Помедлив и посмеявшись, все стали пить; больше всех пили я, Разин и Шевнер. Я суетился, кричал, острил и выражал желание подарить каждому сто рублей. Уставая, я наклонялся к высокой девушке, шептал ей на ухо нежные слова любви, не помню — что, но, кажется, выходило неудачно. Каждый раз, как я начинал говорить, она медленно поворачивала ко мне лицо и была очень внимательна, смотрела, не мигая, изредка улыбаясь левым углом губ; обратив на это внимание, я заметил, что рот у нее яркий, маленький и упругий. Когда я дотронулся до ее талии, она механически откачнулась, а я сказал:
— Это ничего, что я нелеп. Я потом вымоюсь вашим взглядом. Все нелепо. Я нелеп. Все — негры. Я негр. Я держу свою душу в руках, я буду собирать песчинки, приставшие к вашим ногам, и каждую поцелую отдельно.
— Вы не пейте больше, — серьезно произнесла она, — видите, я все еще с одной рюмочкой.
Я сделал отчаянное лицо, запел фальшиво, изо всех сил стараясь изобразить большую мятущуюся душу, но стало противно. Стол шумел, пел и свистал; по временам удушливый туман скрывал от моих глаз происходящее, а вслед затем опять и очень близко, словно у себя на носу, я видел ведерки с шампанским, за ними круг лиц — и так болезненно, что, переводя глаза с одного на другого, становился на один момент то Шевнером, то Поповым, то стариком. Иногда все замолкали, но и тут не было тишины; казалось, ворошится и бормочет сам воздух, сизый от табачного дыма.
Мы говорили о женщинах, радии, душе медведя, повестях Разина, поэзии будущего, способах перевозки пива, старинных монетах, гипнозе, водопроводах, смерти, новой оперетке, мозольном пластыре, воздушных кораблях и планете Марс. Шевнер сказал, споря с Поповым:
— Все продажно, а земля — лупанарий.
Отупелый, я чувствовал все-таки, как меня кто-то просит уйти… С трудом сообразив, что это говорит девушка, я повернулся к ней и увидел, что она громко смеется, а старичок, гладя ее по плечу, покручивает усы.
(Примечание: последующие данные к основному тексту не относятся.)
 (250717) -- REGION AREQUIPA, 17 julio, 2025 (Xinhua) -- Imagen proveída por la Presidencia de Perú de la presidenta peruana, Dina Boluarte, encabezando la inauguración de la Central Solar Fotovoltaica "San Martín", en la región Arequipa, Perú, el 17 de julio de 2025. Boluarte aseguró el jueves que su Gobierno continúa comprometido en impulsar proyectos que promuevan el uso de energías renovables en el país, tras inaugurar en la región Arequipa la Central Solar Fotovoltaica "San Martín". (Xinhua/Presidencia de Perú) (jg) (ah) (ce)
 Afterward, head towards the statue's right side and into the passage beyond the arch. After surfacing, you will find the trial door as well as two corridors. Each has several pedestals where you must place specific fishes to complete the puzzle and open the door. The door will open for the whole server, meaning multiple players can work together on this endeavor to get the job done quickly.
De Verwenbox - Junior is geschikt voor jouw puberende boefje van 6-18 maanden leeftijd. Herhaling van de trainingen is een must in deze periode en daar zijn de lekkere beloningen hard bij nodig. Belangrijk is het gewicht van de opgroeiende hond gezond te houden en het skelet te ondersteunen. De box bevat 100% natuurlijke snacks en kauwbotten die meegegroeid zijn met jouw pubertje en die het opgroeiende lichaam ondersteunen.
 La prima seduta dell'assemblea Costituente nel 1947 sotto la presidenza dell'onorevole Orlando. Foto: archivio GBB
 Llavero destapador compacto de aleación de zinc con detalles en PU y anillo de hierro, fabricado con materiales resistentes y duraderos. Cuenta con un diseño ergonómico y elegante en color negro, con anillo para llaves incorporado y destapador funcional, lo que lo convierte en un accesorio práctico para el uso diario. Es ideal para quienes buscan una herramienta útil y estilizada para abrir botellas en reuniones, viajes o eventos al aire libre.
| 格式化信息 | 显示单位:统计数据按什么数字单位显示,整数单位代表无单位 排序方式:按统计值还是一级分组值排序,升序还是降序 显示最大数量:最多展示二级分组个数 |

И вдруг, почувствовав сильнейшее утомление, я встал среди множества больших глаз, бросил на стол горсть бумажек, стиснул маленькую, ответившую слабо на мое пожатие, руку и направился к выходу. Обернувшись у двери, я увидел, что все задерживают мою спутницу, долго прощаясь с ней, и закричал:
— Скорее! Скорее!
Шевнер подбежал ко мне, выдергивая из-за галстука салфетку, но покачнулся и, отлетев в сторону, упал; я подхватил девушку, спрашивая:
— Домой хотите? Хотите домой? Где вы живете?
— У меня голова кружится, — проговорила она, поспешно сбегая с лестницы.
Я нагнал ее внизу, подал пальто и вывел, сунув швейцару рубль. Моросил дождь, было тепло, утро вспоминалось далеким. Поняв, что день прошел, я мгновенно припомнил многое, утраченное во хмелю, но теперь ясное, сделавшее минувший день долгим. Я вспомнил, что кто-то спал на диване и что был промежуток, в течение которого я сидел вдвоем с Поповым, рассказывая ему свою жизнь. Меня мутило. Усадив девушку на извозчика, я долго не мог попасть на сиденье, наконец, отдавив ей колени, устроился. Выслушав адрес, извозчик долго бил клячу, она вышла из терпения и помчалась трамвайной линией, где в тусклой мгле светились красные огоньки вагонов.
Под ветром и дождем я раскис. Десять тысяч казались плюгавым пустяком; грузная скука села на горб, сгибая спину, и все прелести возбуждения, кроме одной, ушли.
Я обхватил рукой талию спутницы. Но инстинкт говорил мне о ее внутреннем упорстве и настороженности.
— Возьмите руку, — сказала она.
— Зачем? — спросил я. — Вам неудобно?
— Да, неудобно.
Я отнял ставшую мне чужой руку и отправил ее в карман, за папиросами. Помолчав, я сказал:
— Не сердитесь на меня.
— Я не сержусь.
Она отвернулась.
— Мария Игнатьевна, — сказал я, вспомнив, что ее сегодня так называли,
— вы служите где-нибудь?
— Нет. — Она уселась свободнее и повернулась ко мне. — Я уехала от родителей.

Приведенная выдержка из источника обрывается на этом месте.